Se encontraba en el pueblo más pequeño de la isla, que a la par sumaba algunas de las mayores riquezas de la misma. Grandes y lujosas casas intercaladas por otras más humildes y hogareñas. Siempre se había sentido agradada por aquella población semiagraria pintada por el lujo, pero en aquella ocasión solo quería llegar a casa para llorar desconsoladamente, como una niña. Sentía el dolor creciendo bajo su pecho y tenía miedo de que aumentara hasta matarla. Atravesó en dirección contraria para acortar por la única calle adoquinada del pueblo norteño. Ni siquiera el retumbar del coche la sacó de ese estado de elevada pesadez. Por ello, cuando pasó por delante del banco y los dos viejitos de siempre levantaron los bastones a modo de saludo fue incapaz de elevar siquiera una ceja para devolverles el gesto. Era tal su estado que ni le sorprendió, ni le alegró, ni tan siquiera se lo planteó.

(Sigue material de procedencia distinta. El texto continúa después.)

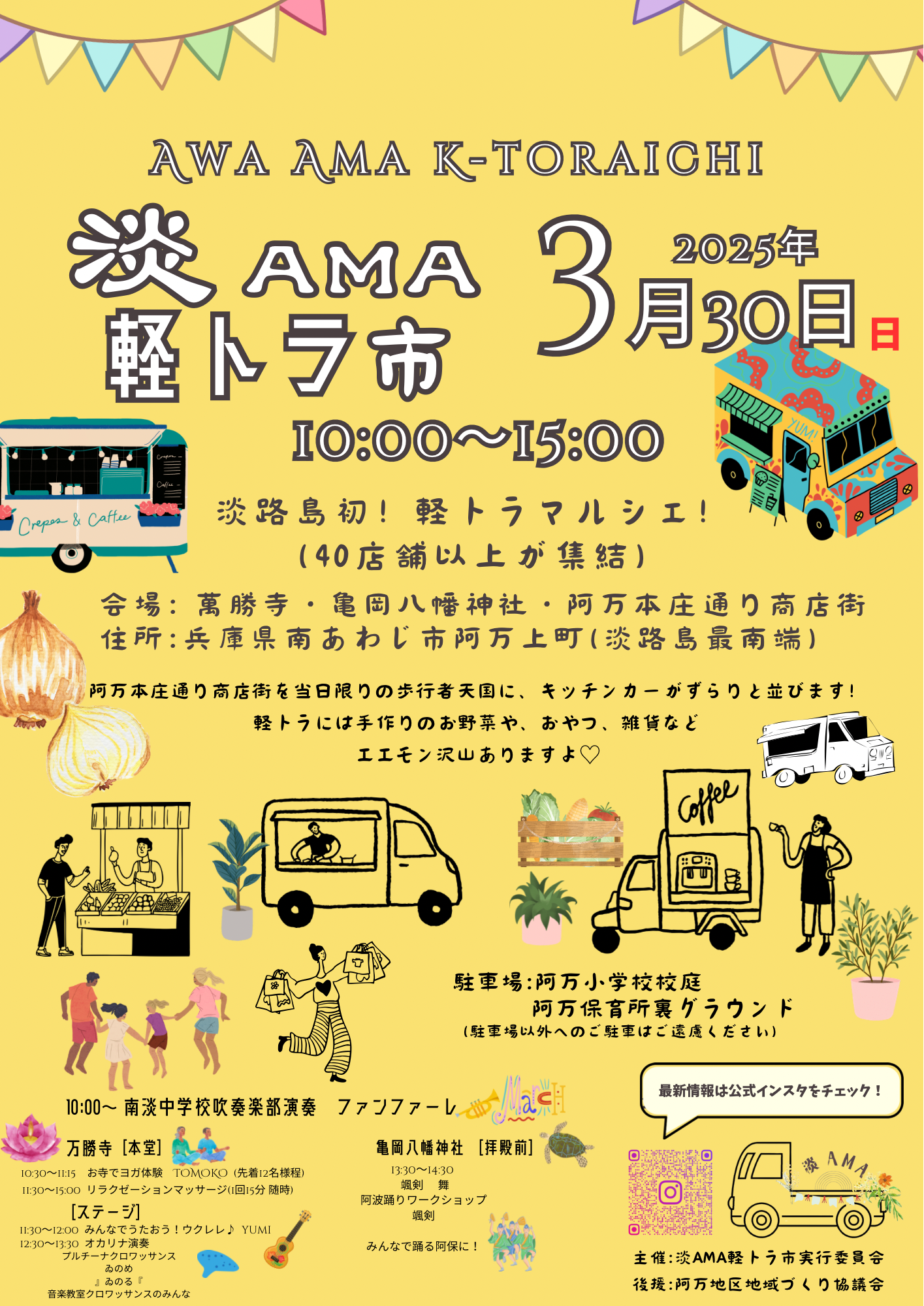 出店はキッチンカー、軽トラ、軽バンなどなど40店舗以上!ヨガ体験やワークショップもあるので盛り上がること間違いなしです!詳細はチラシをご覧ください。軽トラ市のインスタグラムでは出店者情報などを掲載していますのでフォローしてくださいね。→淡AMA軽トラ市のインスタグラムはこちら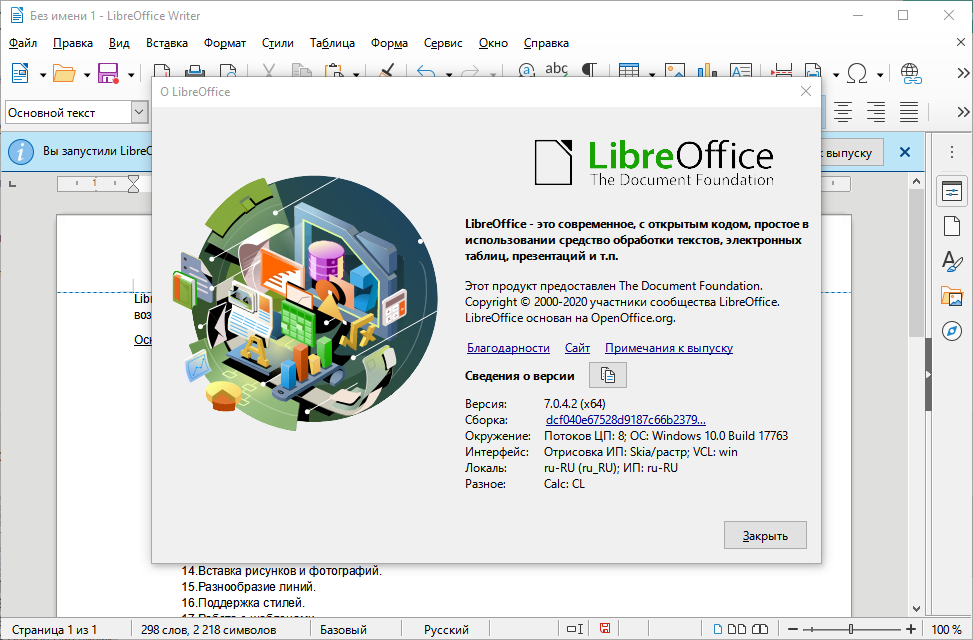 LibreOffice — бесплатный офисный пакет с открытым исходным кодом и богатыми функциональными возможностями. Поддерживает популярные операционные системы: Windows, Linux, MacOS X, Android и iOS. Основные возможности Работа с текстовыми документами. Создание презентаций. Использование формул. Работа с таблицами.

A cada poco miraba los pequeños bultos que descansaban a su lado. No se detenía demasiado en ellos, porque su vista solo quería fijarse en la aparición de su edificio. Además, cada vez que los veía su garganta producía un trago tan áspero como una pelota de piedra. A la séptima vez que tragó ya encaminaba la autopista y descansaba la mano de los cambios. La posó sobre ellos, aliviándola el suave y pequeño movimiento que producían al respirar.
Ante su vista se dibujó el inmenso reloj digital que coronaba la refinería. Desde que todo comenzó se había convertido en una simple placa oscura que no daba nada. Recordó que el primer día que lo vio apagado pensó que algo extraño pasaba, pero jamás imaginó lo que podría llegar a vivir. Quitó la mano de los cachorros y aminoró la marcha para retener el coche y enfilar de nuevo, en sentido contrario, la rambla. Ya el último tramo. Al pensarlo, su estómago subió primero al pecho y de ahí a la garganta. Sin más anécdotas, llegó a la entrada del garaje y de nuevo la encontró abierta. Murmuró un «maldita sea» con los labios y entró sin poder prestar atención a nada de lo que la rodeaba. Si lo hubiera hecho, quizás las cosas hubieran sido algo distintas.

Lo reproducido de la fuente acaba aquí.